Почему именно женщины? Не знаю. Может быть потому, что женщинам в большей степени чем мужчинам свойственно сострадание, что весь смысл женской судьбы, возможно, и заключается в том, чтобы отдать мужчине свою нежность, свое тепло, свою… жаль.

Именно женщины помогают выжить и мне: не согнуться, не изгадиться, не ожесточиться. Именно женщинам предначертана во всей моей последующей жизни главная, но, пожалуй, и роковая роль…

 

День условно-досрочного освобождения. Вещи раздарены. Прощальная кружка чифиря по кругу. Принимаю пожелания, запоминаю просьбы: загнать «кабанчика», звякнуть родным… Неужели сегодня всего вот этого уже не будет?!.

Меня возвращают практически с КПП.

Отрядный поясняет: изменения в документации. Статья попала под усиление. Недавний указ. Оплошность спецотдела… Придется еще посидеть.

— Сколько?

— Полгода. До двух третей, — ловлю во взгляде что-то похожее на сочувствие.

Заметив в моих глазах нехороший огонек, отрядный добавляет негромко: — И не вздумай на забор, слышишь? Держись, потерпи…

Молчу. Да и что сказать?

 

* * *

Ноябрь. Освобождение. Выхожу за ворота тюрьмы и останавливаюсь ошарашенный, словно придавленный навалившимся на меня огромным шумным незнакомым миром. Встречает мама, безуспешно пытаясь прятать слезы. Сидящая напротив девушка в маршрутке бросает украдкой любопытные взгляды. Настораживаюсь, потом понимаю: так откровенно раздевающе, как смотрю на нее я, смотрит только рентген…

Дома, ослепленный зеркально-кафельным блеском, бреюсь новеньким станком «Gillett» с одноименным гелем до и после бритья. Запах этой свежести врежется в память на всю жизнь. И каждый раз, даже через много лет, будет напоминать тот серый ноябрьский день. День освобождения.

 

* * *

… Откинувшийся следом приятель приглашает в гости. Пузырь, другой... Затемно начинаю собираться.

— Что нужно, чтобы ты остался? — спрашивает он просто.

— Женщина. Или… гитара.

— Будет тебе женщина, — улыбается. — С гитарой.

Так я знакомлюсь со своей будущей женой. Под утро вваливаемся к ней. В пустой однокомнатной хрущобе дремотно и тихо. Кошка, задрав хвост трубой, трется об ноги, а диван манит как магнит…

Я остаюсь. Надолго.

 

Июль

Ранние зябкие декабрьские сумерки. Местный старый — венчался еще Махно — храм закрыт. Я, с женой и маленьким сынишкой, уже хотим уйти. Неожиданно появляется батюшка; дородный, серебряные искорки в бороде:

— Желаете войти? — от него пахнет теплом и жареным луком. — А я тут как раз трапезовал…

— Ну, в общем…

Лязгает тяжелым кованым замком:

— Проходите, проходите… сейчас свет зажгу.

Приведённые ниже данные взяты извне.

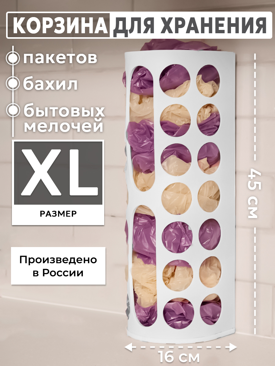 | Комплектация | Корзина для пакетов - 1 шт; Самоклеящиеся крючки - 2 шт |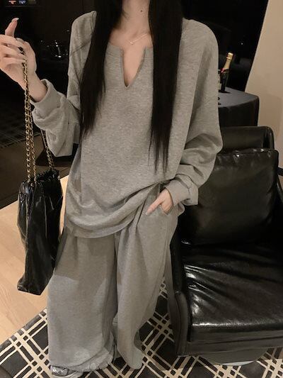 2024 秋冬 韓国 かわいい レディース 無地 Vネック長袖トップスレトロセットアップ黑白パーカーブルサイズ丈春カジュアルスポーツファッション系通学学生袖お出かけアップシルエットトラック | OPEN-korea

Проходим озираясь, словно сами не понимая, зачем пришли. Будто не замечая неловкости нашей, батюшка протягивает сыну маленький потемневший образок какого-то святого:

— Вот возьми… Сами-то крещенные? — поворачивается к нам.

Жена утвердительно кивает. Я молчу.

Батюшка смотрит испытывающе и чуть лукаво.

— Нет, — говорю. — Не удосужился… как-то.

— Ай, а годков-то сколько?

— Тридцать три.

— Вот как, — батюшка с неподдельным интересом разглядывает меня, на миг задумывается. — А окреститься не хочешь?

— Прямо сейчас? — удивляюсь.

— Ну зачем же прямо. Придешь в воскресенье… Придешь?

— Приду…Только крещение у вас неправильное. Водой брызгаете.

— А ты как же хотел?

— Как положено. Троекратным погружением чтобы… В воду!

— В воду… — батюшка оглаживает бороду, глаза смеются. — Так зима на дворе, холодно. Что, и в реку пойдешь?

— Пойду.

— Ну, так и я с тобой. Вот только воды холодной боюсь. А из колодца если?

— Это как?

— Да так... наберу из колодца три ведра воды, на паперти тебя и окрестим. Согласен?

— Согласен, — отвечаю, — когда приходить?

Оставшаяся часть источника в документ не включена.